René Le Hénaff (24 April 1901 – 5 January 2005) was a French film editor and director. As a film editor he collaborated with directors Marcel Carné, René Clair, and Géza von Radványi among others. His three films with Carné in the late 1930s — Port of Shadows, Hôtel du Nord, and Le Jour Se Lève — are widely admired examples of poetic realism. He also directed films from 1935 to 1950. Perhaps the best-known is Colonel Chabert (1943), which was a film adaptation of a famous novella by Honoré de Balzac. Le Hénaff retired from filmmaking in 1968.

==Selected filmography==
===Editor===
- The Shark (1930)
- Sous les toits de Paris (Under the Roofs of Paris) (1930)
- À Nous la Liberté (1931)
- Madame Makes Her Exit (1932)
- Bastille Day (1933)
- Le Scandal (The Scandal) (1934)
- Samson (1936)
- Le Quai des brumes (Port of Shadows) (1938)
- Hôtel du Nord (1938)
- Le Jour Se Lève (1939)
- Beating Heart (1940)
- The Lover of Borneo (1942)
- Le Quai des brumes (Women Without Names) (1950)
- L'Étrange Désir de monsieur Bard (Strange Desire of Mr. Bard) (1954)
- A Girl Without Boundaries (1955)
- Der Arzt von Stalingrad (The Doctor of Stalingrad) (1958)

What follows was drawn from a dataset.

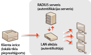 Iekārta var izveidot savienojumu ar 802.1X tīklu kā klienta ierīce. Standarta 802.1X tīkls sastāv no RADIUS servera (autentifikācijas serveris), LAN slēdža (autentificētājs) un klienta ierīcēm ar autentifikācijas programmatūru (lokālā tīkla pieprasītājportiem). Ja ierīce mēģina izveidot savienojumu ar 802.1X tīklu, ierīcei jāveic lietotāja autentifikācija, lai pārliecinātos, vai savienojumu veic autorizēts lietotājs. Autentifikācijas informācija tiek nosūtīta uz RADIUS serveri, kur tā tiek pārbaudīta. Šis serveris atļauj vai aizliedz sakarus ar tīklu atkarībā no autentifikācijas rezultāta. Ja autentifikācija neizdodas, LAN slēdzis (jeb piekļuves punkts) bloķē piekļuvi no tīkla ārpuses.

- Twelve Hours by the Clock (1959)

===Director===
- Fort Dolorès (1939)
- The Lover of Borneo (1942)
- Colonel Chabert (1943)
- St. Val's Mystery (1945)
- Christine Gets Married (1946)
- Hoboes in Paradise (1946)
- The Husbands of Leontine (1947)
- Monsieur de Falindor (1947)
- Scandal (1948)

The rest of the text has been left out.